What is the Voir Dire Process in a Utah Jury Trial

The Importance of the Jury Trial and Voir Dire

Voir dire is process of weeding out problematic jurors.
Voir dire is part of the jury selection process.

The jury trial is a right over which many lives were lost in the founding of this country.  It is a mechanism to protect individuals against an oppressive government. Think about how different things would be if an individual charged with a crime could then be tried by a government bureaucrat instead of a number of different individuals from his community. Juries can protect people from false allegations by the state. It is another check and balance on state power.
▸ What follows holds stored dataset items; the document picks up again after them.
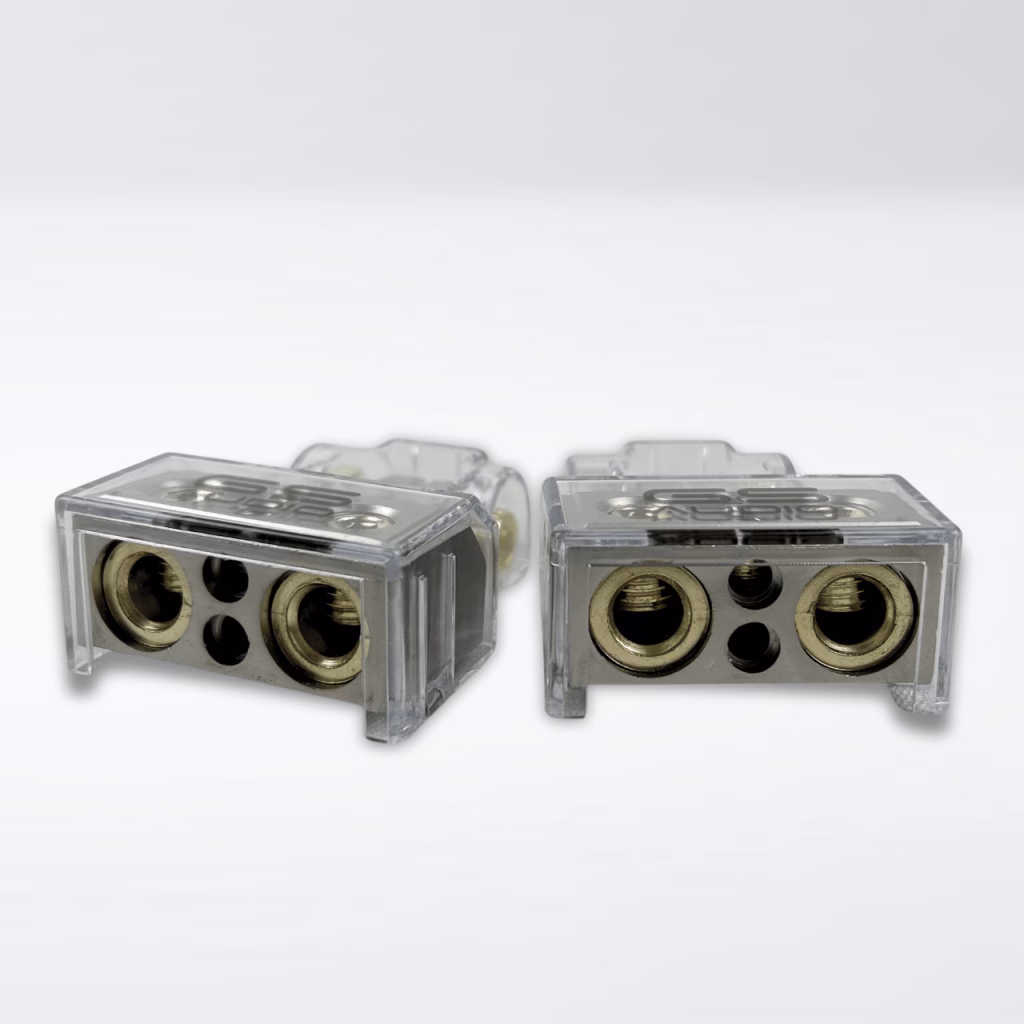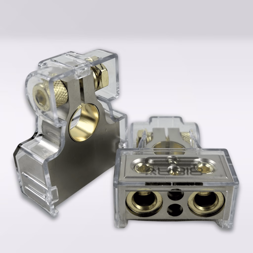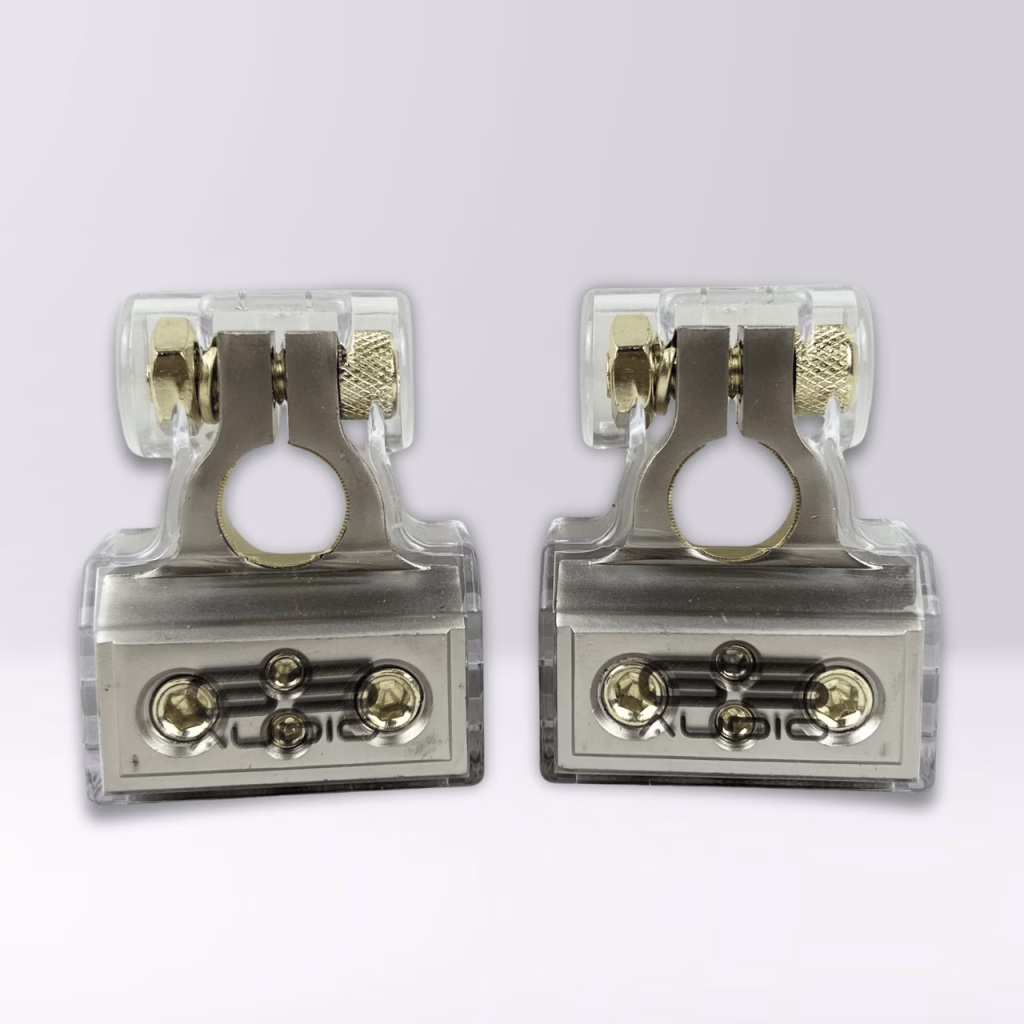 Pair of GS Audio (+/-) battery terminals with dual 2×50 mm² + 2×6 mm² inputs.GS Audio battery clamps are designed for high-performance car audio systems, ensuring a secure and stable connection to the vehicle battery. Made of nickel-plated brass with a protective clear finish, they offer maximum conductivity and resistance to oxidation and corrosion. Each clamp is equipped with high-strength clamping screws that allow secure attachment of power cables.With dual inputs (2×50 mm² + 2×6 mm²), these clamps allow multiple cable sections to be connected at the same time, making installation neater and more versatile.Technical characteristics.Material: nickel-plated brass with high conductivityPair: positive (+) terminal and negative (-) terminalConnections: 2 inputs up to 50 mm² + 2 inputs up to 6 mm²Durable, anti-corrosiongold-plated clamping screws Transparent protectivecover includedEngraved GS Audio logoBenefitsGS Audio clamps offer high electrical conductivity, are resistant to oxidation and corrosion, ensure quick and safe assembly, allow multiple cables to be connected in one clamp, and are distinguished by their robust and professional design. Looking for GS Audio batteries? LiFePo4s are available on our website, check out all the models in the dedicated category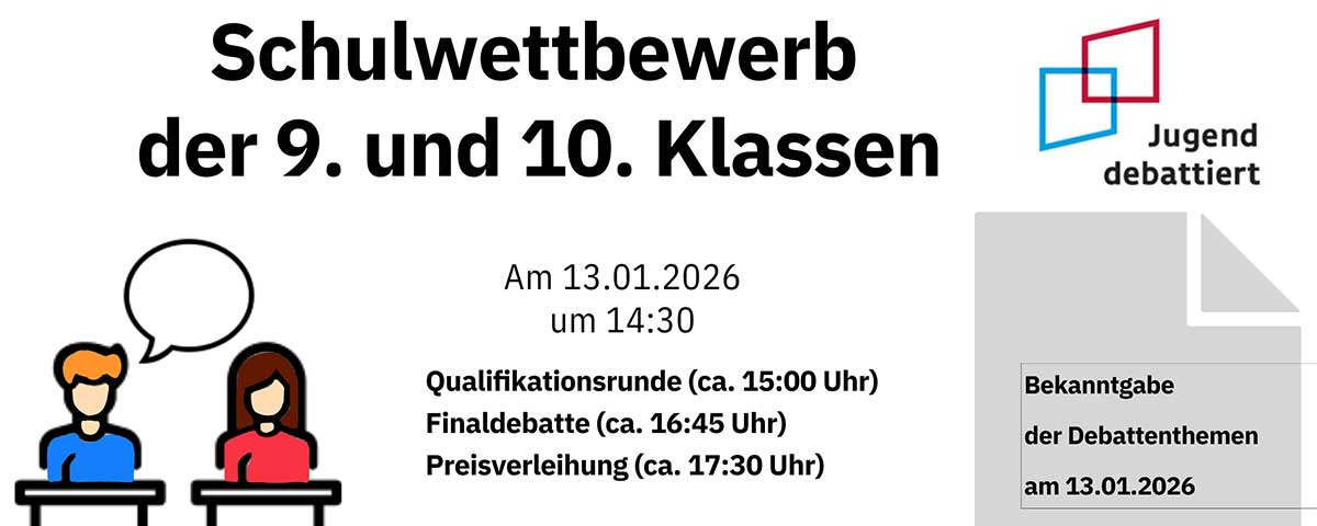 Mit Spannung sehen wir unserem ersten Schulwettbewerb "Jugend debattiert" am 23. Januar 2026 entgegen, in dem die Teams aus den 9. und 10. Klassen gegeneinander antreten werden. Wir freuen uns auf überzeugende Argumente und geschliffene Rhetorik - auf eine Denbattenkultur, die aktuell besonders wertvoll und erstrebenswert erscheint.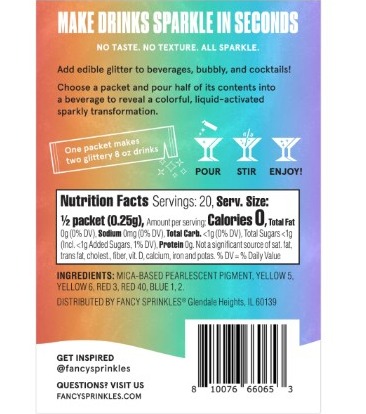 Stay mysterious. Conveniently packaged in a sleek portable carton, FANCY SPRINKLES® Mystery Fancy Edible Glitter Packets include 10 single-use edible glitter packets in five mystery colors, but you won't know what color until you add liquid! This edible glitter for drinks is perfect for adding instant glamour to your celebrations, dressing up your bar cart, gifting to family and friends, and simply transforming your cocktail recipes. Create and serve up to 20 glittering beverages for parties or on the go, wherever the moment strikes!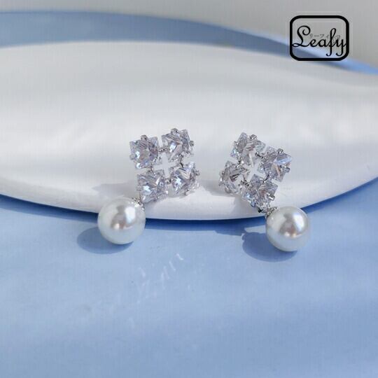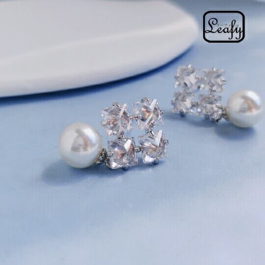 Leafyピアス 1ペア レディース シルバー ジルコニア スクエア 菱形 煌き 輝き おしゃれ 大人可愛い 上品 エレガント 華やか 存在感抜群 パール 真珠 大きめ お出かけ パーティー デート 普段使い プレゼント 4月誕生石 冠婚葬祭 入園式 入学式 S925ポスト sr00771ys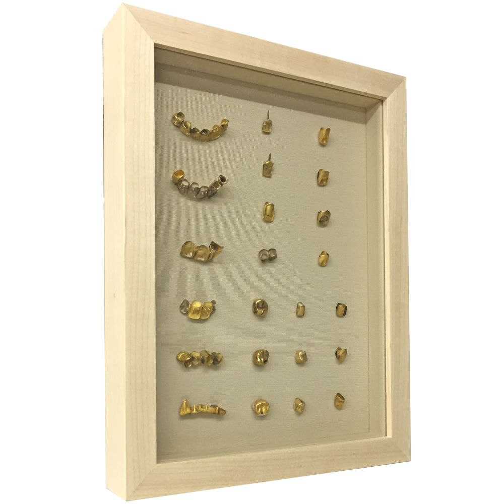 立体物の固定は、ボンドや両面テープ、針金や紐で縛る、裏板を通してネジ止めするといった方法を採ります。金へのダメージを考えると、ボンドや両面テープ、ネジ止めといった手法は却下、針金や紐で縛るのがベストです。ところが金歯は非常に小さく、形によっては縛るポイントがありません。固定方法を模索した結果、額縁背面に歯の代わりとなる土台を付け、金歯を被せて留めました。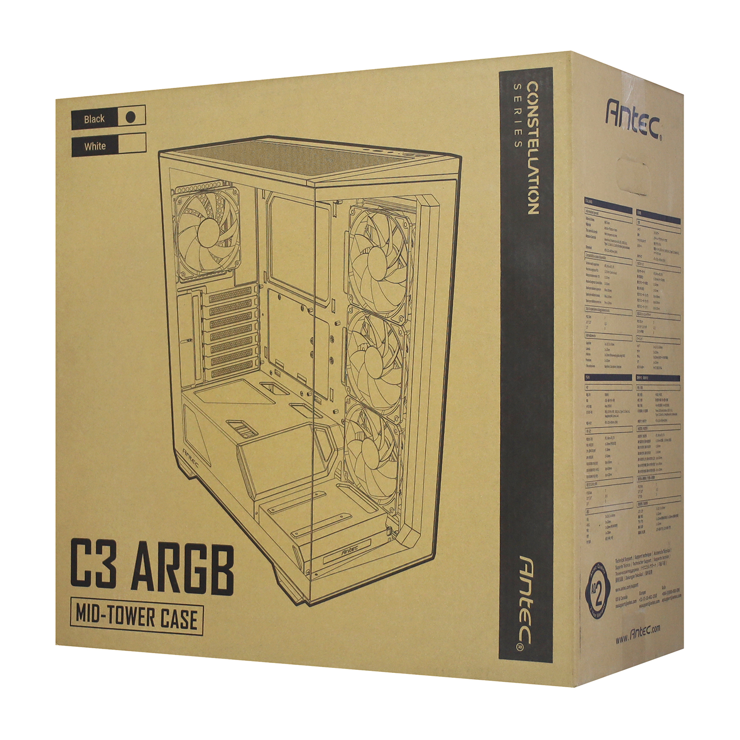 Корпус ATX midi tower Antec, C3 ARGB, [0-761345-10029-8], черный Case 4*120 ARGB+ ARGB fan hub, (Без БП), black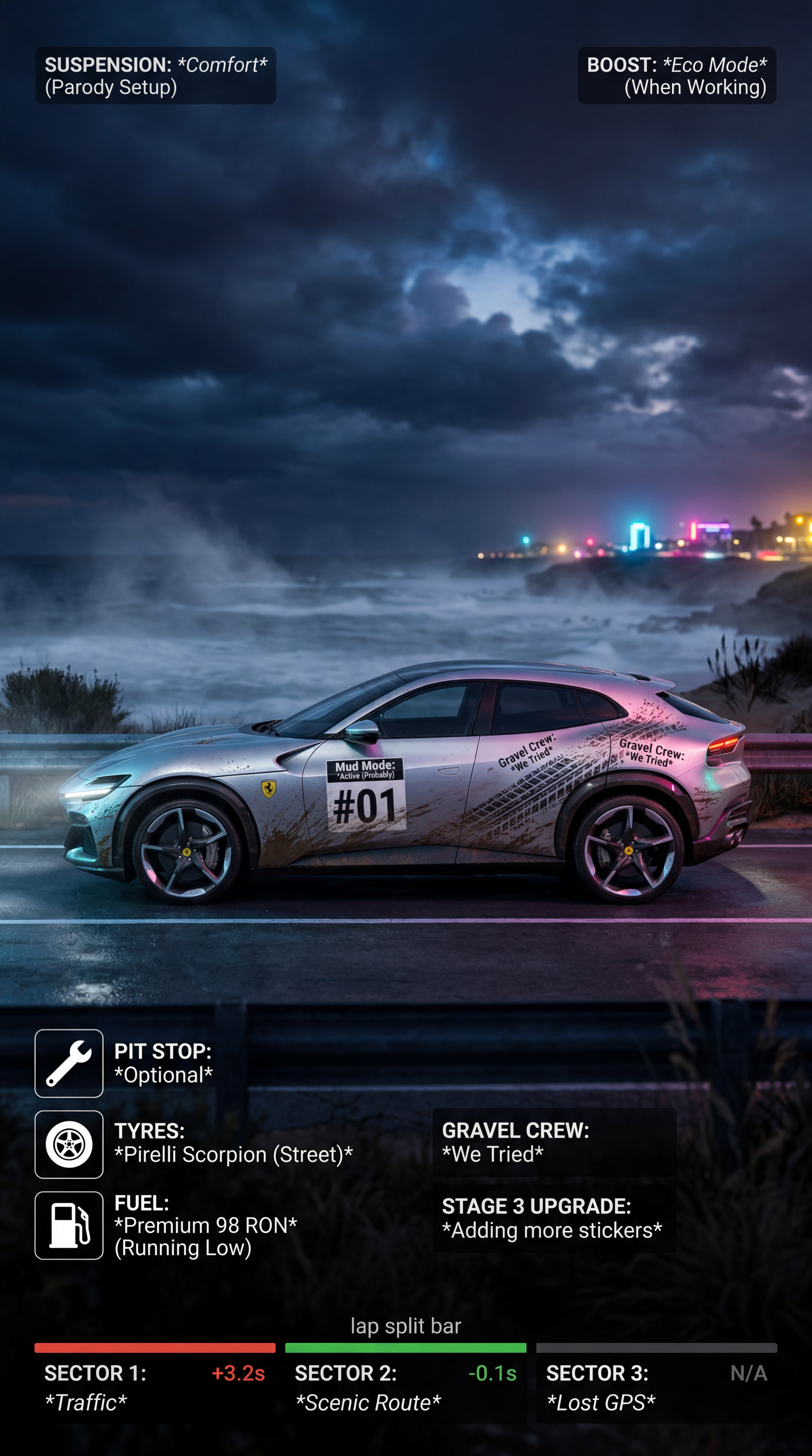 Exterior-only SEO concept render of the Ferrari Purosangue Concept SUV. Search intent target: "ferrari purosangue concept upgrades". Direction: funny parody wrap concept built for viral social sharing and meme intent. Wrap/livery concept: rally mud-splatter narrative wrap with fake stage numbers and service-crew decals. Overlay plan: motorsport telemetry overlays: faux pit board icons, lap split bars, and setup labels. Scene: on a coastal highway with windblown mist and dramatic cloud breakup. Camera: tight side profile with long lens compression. Lighting: nighttime neon contrast with controlled bloom. Render style: photorealistic automotive marketing render with premium detail and realistic materials. Creative hook: thumbnail-first composition with immediate visual hierarchy. Keep it relevant to the search query and avoid duplicating prior visual directions for similar models. If web grounding is available, incorporate up-to-date public facts that support the keyword context and keep claims realistic. Use fictional/parody overlay labels only (no exact trademark logos). No interior views, no cabin, no cockpit, no dashboard, no seats, no people, no explicit smoking act, no watermarks.

Juries, however, are not infallible. They are composed of people who have their own biases and prejudices. While it is impossible to remove those biases and prejudices from members of the jury, the law has developed to permit lawyers and judges to ask prospective jurors a series of questions to determine if any particular juror carries with him a preconceived notion that could interfere with is rendering a fair judgment in the case.  This questioning process is called voir dire, which is a term loosely based on a Latin phrase which means to say the truth and which is conducted during the jury selection process.

Rules Governing the Voir Dire Process

Because voir dire only occurs in the trial court, the trial court judge has a lot of flexibility on how he runs the process.  Nonetheless, there are several rules that the judge must follow. If the trial judge violates any of those rules his decision can be reviewed by an appellate court judge under an abuse of discretion standard. See Alcazar v. University of Utah Hosps. & Clinics, 188 P.3d 490.

As discussed in the recent State v. Alvarez case: Generally,the trial court is afforded broad discretion in conducting voir dire, but that discretion must be exercised in favor of allowing discovery of biases or prejudice in prospective jurors. The key inquiry is whether, considering the totality of the questioning, counsel was afforded an adequate opportunity to gain the information necessary to evaluate jurors. If the trial court’s decision to exclude the question about juror embarrassment substantially impaired Defendant’s right to the informed exercise of peremptory challenges, it is reversible error.

So the entire purpose of voir dire is to allow the lawyers to evaluate the prospective jurors and to do so in a way that allows the lawyers to be able to make informed conclusions about each prospective juror.